Don't worry. It's OK. Simply we don't have a working chef API server to register our chef server (recursive error ahead! :P )
Every Chef installation needs a Chef Repository. This is the place where cookbooks, roles, config files and other artifacts for managing systems with Chef will live.
I'd prefer use GIT to manage Chef's repo, but my projects mates are currently using subversion, so we'll go to the "unsupported" way of life :D
wget https://github.com/opscode/chef-repo/tarball/master
tar zxf master
mv opscode-chef-repo-a3bec38/ chef-repo
svn add chef-repo
Create /etc/chef/chef-solo.rb file:
file_cache_path "/tmp/chef-solo"
cookbook_path "/tmp/chef-solo/cookbooks"
recipe_url "http://s3.amazonaws.com/chef-solo/bootstrap-latest.tar.gz"
Create /etc/chef/chef-solo.json:
{
"bootstrap": {
"chef-server": {
"init_style": "init",
"server_fqdn": "vm-chef-server.example.es",
"webui_enabled": true
}
},
"run_list": [ "recipe[chef-server::rubygems-install]" ]
}
If you are using Vagrant, note that Vagrant includes a fully functional ruby environment, located at /opt/vagrant_ruby, who makes chef-solo's install fails, because Omnibus installer use this Ruby path instead the Omnibus provided. As a simple solution, launch chef-solo with explicit ruby PATH
mv /opt/vagrant_ruby /opt/vagrant_ruby_old
export PATH=/opt/bin:$PATH
sudo chef-solo -c /etc/chef/solo.rb -j /etc/chef/chef.json
Previously, we must install build-essential package, that installs g++, make and other tools of the trade. If not,
--without-/opt/chef/embedded/lib/ruby/1.9.1/mkmf.rb:368:in `try_do': The complier failed to generate an executable file. (RuntimeError)
You have to install development tools first.
If everything goes fine, you must have a fully functional Chef server, with the webUI listening on port defined. Just fire sudo ss -lnp or sudo lsof -i -nto see port number
Next step: managing Chef.
The system where you are doing development and maintaining a cookbook repository we can call a workstation or your management workstation. It is where you run knife commands. Let's create a knife.rb file that works with our new shiny server
sudo knife configure -i
WARNING: No knife configuration file found
Where should I put the config file? [/home/sadiel/.chef/knife.rb]
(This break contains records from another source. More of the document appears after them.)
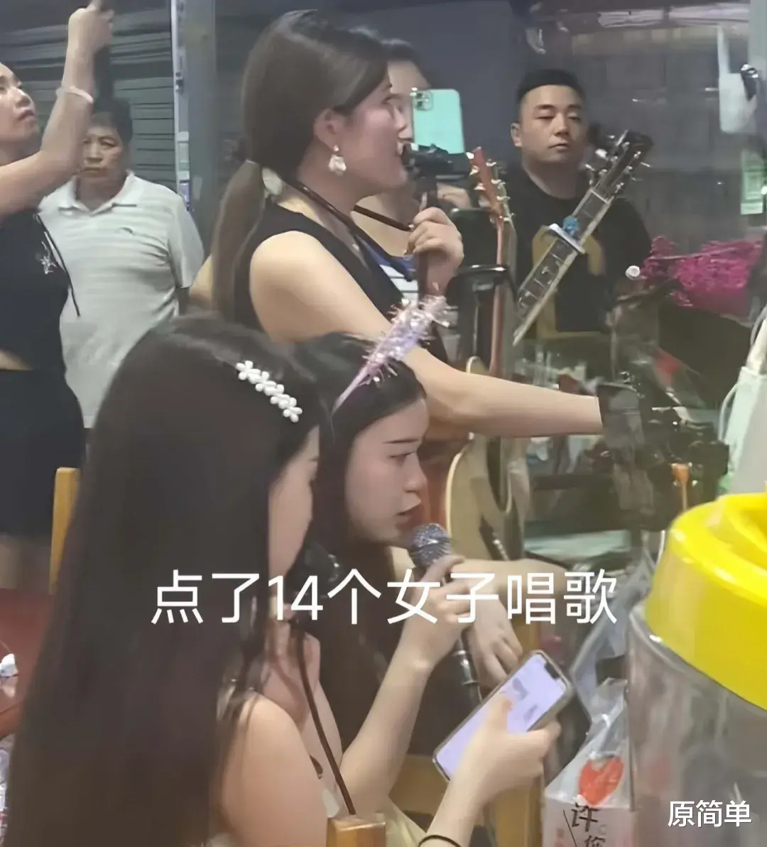 因为小吃摊有唱歌服务,一部分顾客都是被歌声吸引来的,当14个姑娘同时唱歌,再加上男子递小费的动作,乐得众人哈哈大笑。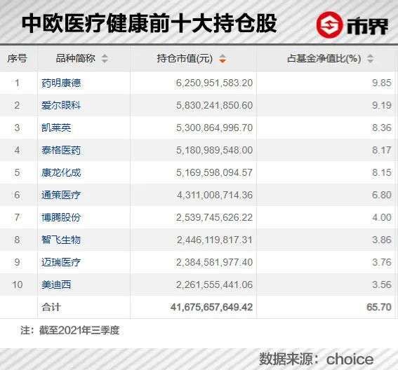 另外,三季报显示,中欧医疗健康前十大重仓股的持股集中度逐渐升高。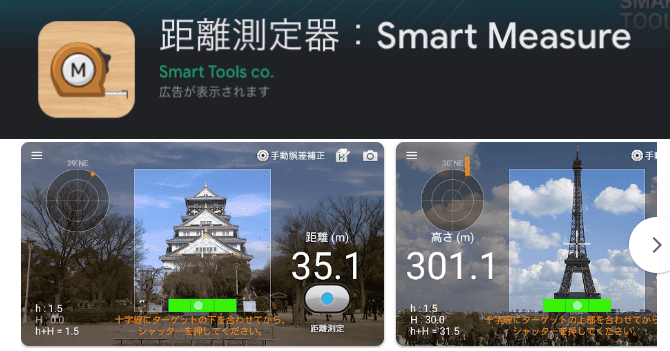 距離測定器:Smart Measureは、離れた場所にある対象物までの距離や、対象物の高さ・幅を測れるアプリです。

Please enter the chef server URL: [http://vm-chef-server:4000]
Please enter a clientname for the new client: [sadiel] root
Please enter the existing admin clientname: [chef-webui]
Please enter the location of the existing admin client's private key: [/etc/chef/webui.pem]
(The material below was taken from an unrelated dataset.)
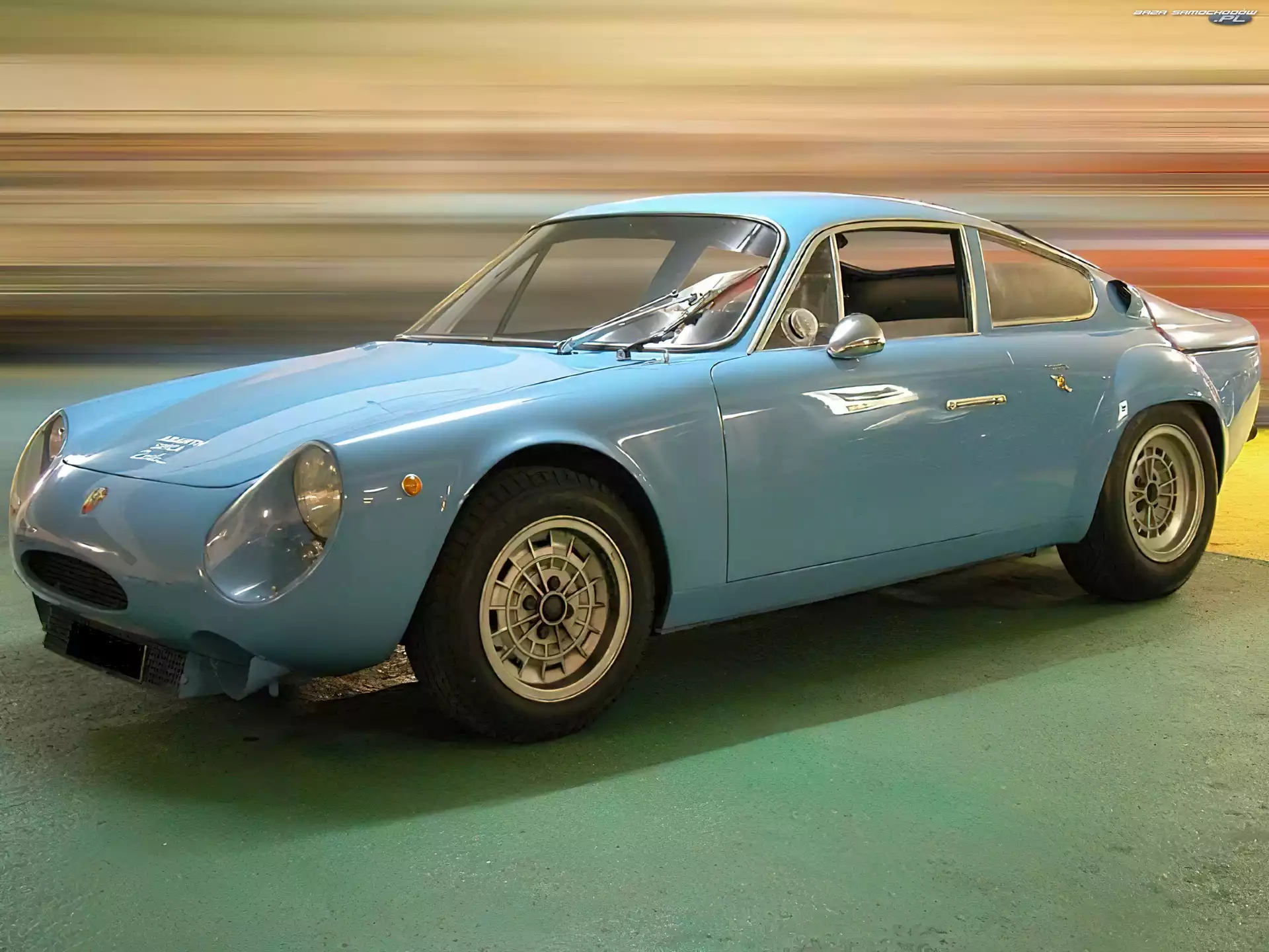 Samochód: Koła, Błękitny, Abarth Bialbero

Please enter the validation clientname: [chef-validator]
Please enter the location of the validation key: [/etc/chef/validation.pem]
Please enter the path to a chef repository (or leave blank):
Creating initial API user...
Created client[root]
Configuration file written to /home/sadiel/.chef/knife.rb
We use sudo command, because we need read-write access to /etc/chef directory.
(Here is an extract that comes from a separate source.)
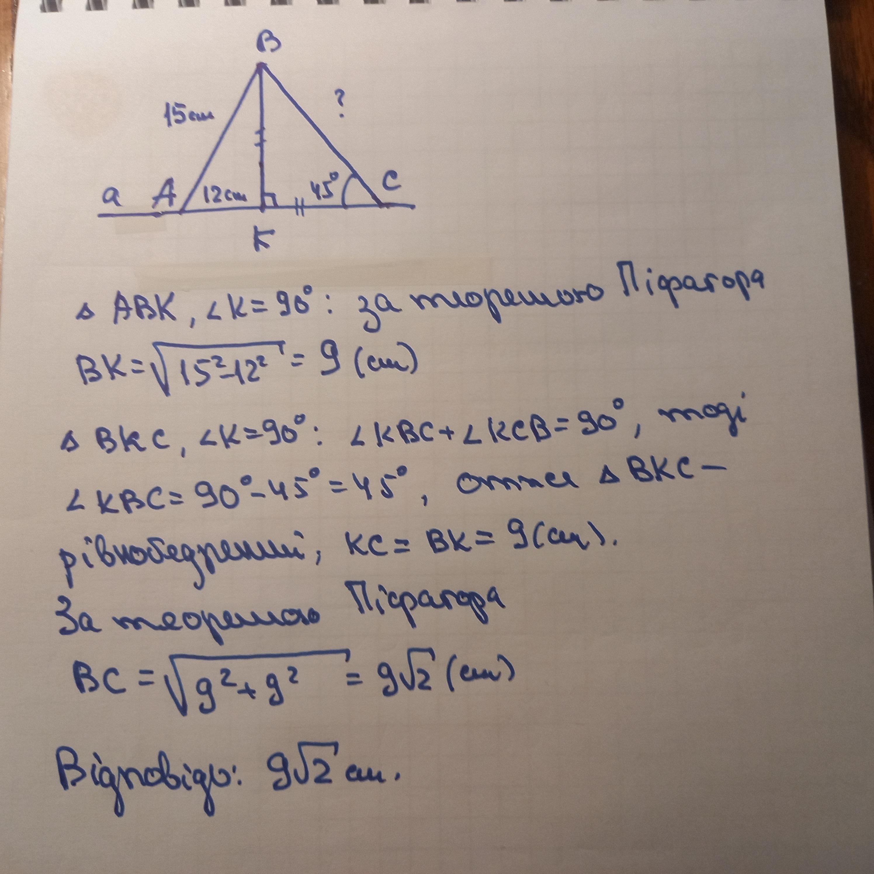 Із точки до прямої проведено дві похилі. Довжина однієї з них дорівнює 15 см, а її проекція на пряму - 12 см. Знайдіть довжину другої похилої, якщо вона утворює з даною прямою кут 45°

In /home/sadiel/.chef we can found two files:
- knife.rb: tells knife how to interact with the server API
- root.pem: RSA certificate that identifies node_name "root" user defined on knife.rb
You must copy to your management workstation. Adapt file paths and URL to reflect your settings. Don't forget to chmod 600 files. These are chef-repo/.chef/knife.rb contents:
current_dir = File.dirname(__FILE__)
log_level :info
log_location STDOUT
node_name 'root'
client_key "#{current_dir}/root.pem"
validation_client_name 'chef-validator'G
validation_key '/etc/chef/validation.pem'
chef_server_url 'http://vm-chef-server:4000'
cache_type 'BasicFile'
cache_options( :path => '#{current_dir}/checksums' )
Test your settings with knife client list.
OK, you are the proud father of a chef server.